Messire Antoine Furetiere naquit à Paris l'année 1620. Il fit ses études avec succez, & se rendit habile en Droit Civil & en Droit Canon. Aprés avoir été reçû Advocat au Parlement, il fut pourveu de la charge de Procureur Fiscal de la Justice de l'Abbaye de St. Germain des Prez. Il passa en suite dans l'Estat Ecclesiastique, & fut gratifié de l'Abbaye de Chalivoy au Diocese de Bourges, & du Prieuré de Chuines. Il fu reçû à l'Academie Françoise le 15. May 1662. La Nouvelle Allegorique qu'il fit imprimer en 1658. sur l'Eloquence du temps, est toute pleine de railleries ingenieuses & savantes. Il a publié divers autres Ouvrages tant en vers qu'en prose, où il a montré qu'il avoit beaucoup de talens pour cette espece de Morale qui cherche à nous guerir du vice en le tournant en ridicule. C'est dans cet esprit qu'il composa le Roman Bourgeois, imprimé à Paris en 1666. où il se mocque de plusieurs defauts qui ne sont que trop communs dans le monde ; & en particulier il y raille d'une maniere fort plaisante les Auteurs d'Epîtres Dedicatoires. Le Voyage de Mercure, & un Recueil de Poësies diverses qu'il avoit dêjà publiez, parmy lesquelles il y a quelques Satyres & quelques Epîtres, sont à peu prés de ce même caractere, & ces pieces eurent beaucoup de debit dans leur nouveauté. Il n'en fut pas de même des Fables en vers, qu'il publia quelque temps aprés que celles d'Esope traduites par Mr. de la Fontaine eurent paru : & c'est peut-être ce qui a commencé la mesintelligence de ces deux Auteurs. Mais il est aisé de connoître par l'importance de ce Dictionaire Universel, que Mr. Furetiere ne regardoit ces autres Ouvrages que comme des amusements de jeunesse, ou de simples delassements d'esprit, & qu'il reservoit toutes ses forces pour celuy-cy. Il n'a pas eu la satisfaction de le voir imprimé, étant mort le 14. May 1688. Grand exemple de la vanité des occupations des Savans. Ceux qui travaillent aux escrits les plus durables, qui d'un côté demandent une plus longue application, & produisent de l'autre une plus glorieuse immortalité, meurent le plus souvent, sans que personne les ait pû ou remercier, ou loüer de leur peine ; & puis les voilà dans l'état dont parle le saint homme Job : Ses enfants seront avancez, & il n'en saura rien. Vanitas vanitum, & omnia vanitas.

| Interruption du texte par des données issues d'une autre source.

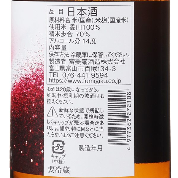 “酒米のダイヤモンド”とも称される「愛山」を敢えて70%に磨き、「愛山」らしい絢爛たる味わいを引き出しながらも、アルコール度数14度台に抑えることで、濃醇な旨味と軽快な飲み心地の両立を追求した一本です。もぎたての白葡萄を思わせるフレッシュでグラマラスな芳香が穏やかに鼻腔をくすぐり、エレガントで芳醇な「愛山」らしい豊かな旨味と甘味が、優しく滑らかに口中へと広がります。やがて雪解けのように柔らかな余韻が、そっと喉元に染み入る一本です。雑味の一切を削ぎ落としたかのような綺麗な味わいは、和食はもちろんのことフレンチやイタリアンなど幅広いお料理と調和し、シチュエーションを問わず食卓に花を添えます。
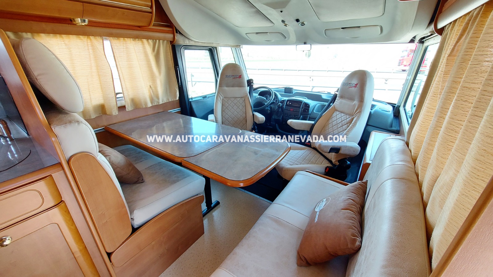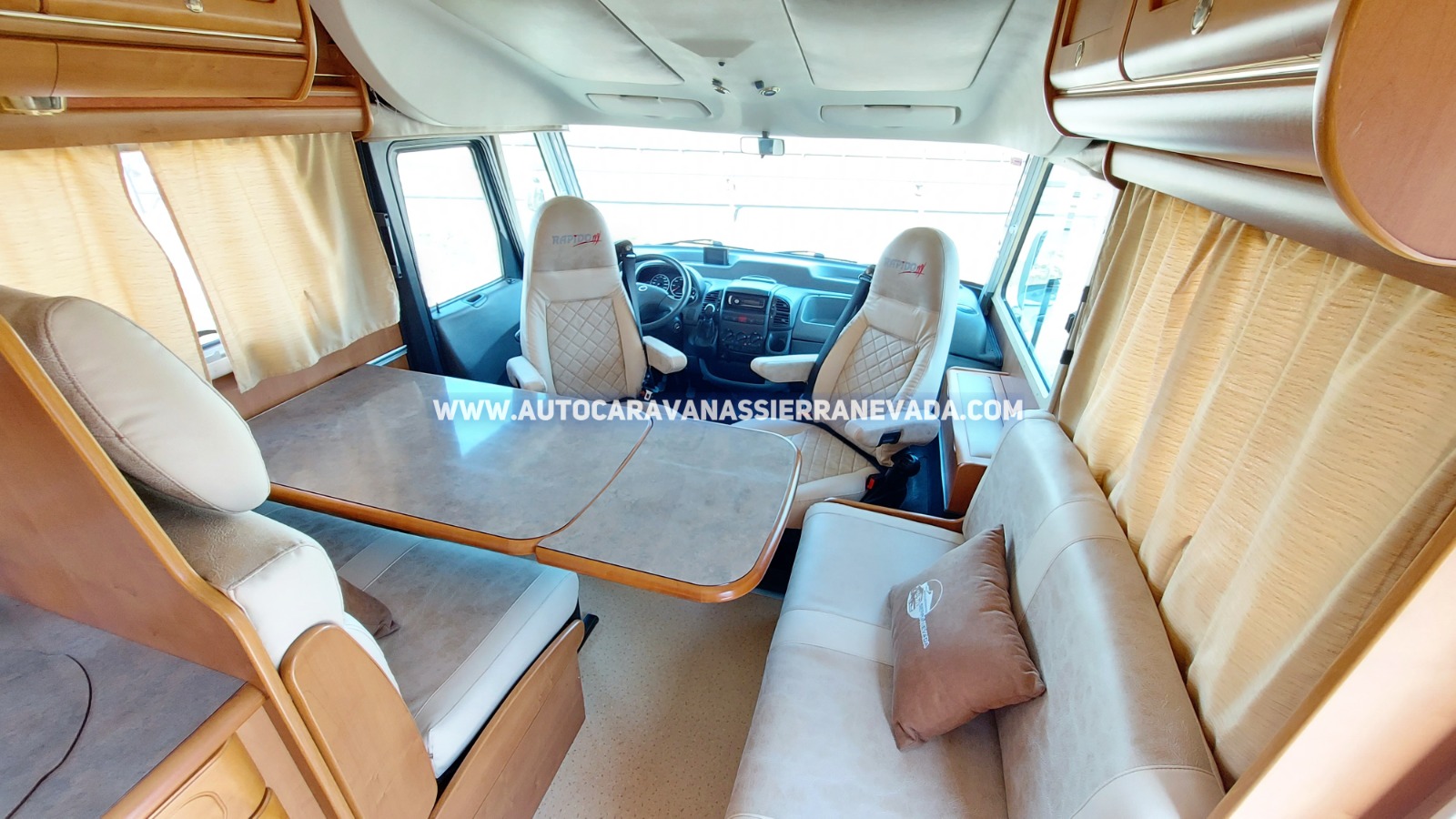 Autocaravana Integral RAPIDO, modelo 985F, una de las mejores marcas por sus acabados de mucha durabilidad y calidad, similar a Hymer, Niesmann Bischoff, Burstner, Euramobil o Dethleffs entre otras. Del año 2005 con 147.000km. Motor Fiat Ducato 2.8 JTD 145cv, motor potente y constante. *Chasis ALKO y *eje con barras de torsión (mucho mejor que la suspensión de ballestas. Con 4 plazas homologadas para viajar y dormir gracias a sus camas: colgante sobre la cabina y Francesa detrás, ambas dobles y muy amplias. Un vehículo ideal para gente que quiere una autocaravana muy cómoda de llevar y entrar en aparcamientos reducidos, se conduce igual que un turismo, Medidas: (6,70m x 2,85m).Dispone de un Garaje muy amplio con unas medidas: (2,00m x 1,70m x 0,90m) al cual podrás acceder tanto del interior como por exterior del vehículo.

Pour conclusion on avertit le public, qu'on est bien éloigné de croire qu'il ne manque rien à cet Ouvrage. Un Dictionaire est un de ces livres qui peuvent être ameliorez à l'inifini ; & quoy qu'on ne les gâte que trop souvent dans les dernieres Editions, il faut pourtant convenir, qu'en general la premiere n'est qu'une ébauche en comparaison de celles qui la suivent, comme il est aisé de s'en convaincre en comparant le Catholicon de Joannes de Janua fagoté des reccueils de Papias & de ceux d'Ugotion, avec celuy d'Ascensius Badius ; & en comparant la Cornucopia de Nicolas Perottus, avec le Calepin d'aujourd'huy, quelque defectueux qu'il soit encore. En disant cela, on ne veut pas dire qu'un coup d'essay tel que celuy-cy fait dans un siecle si savant, & limé plusieurs années, ne surpasse les dernieres Editions de plusieurs autres Dictionaires.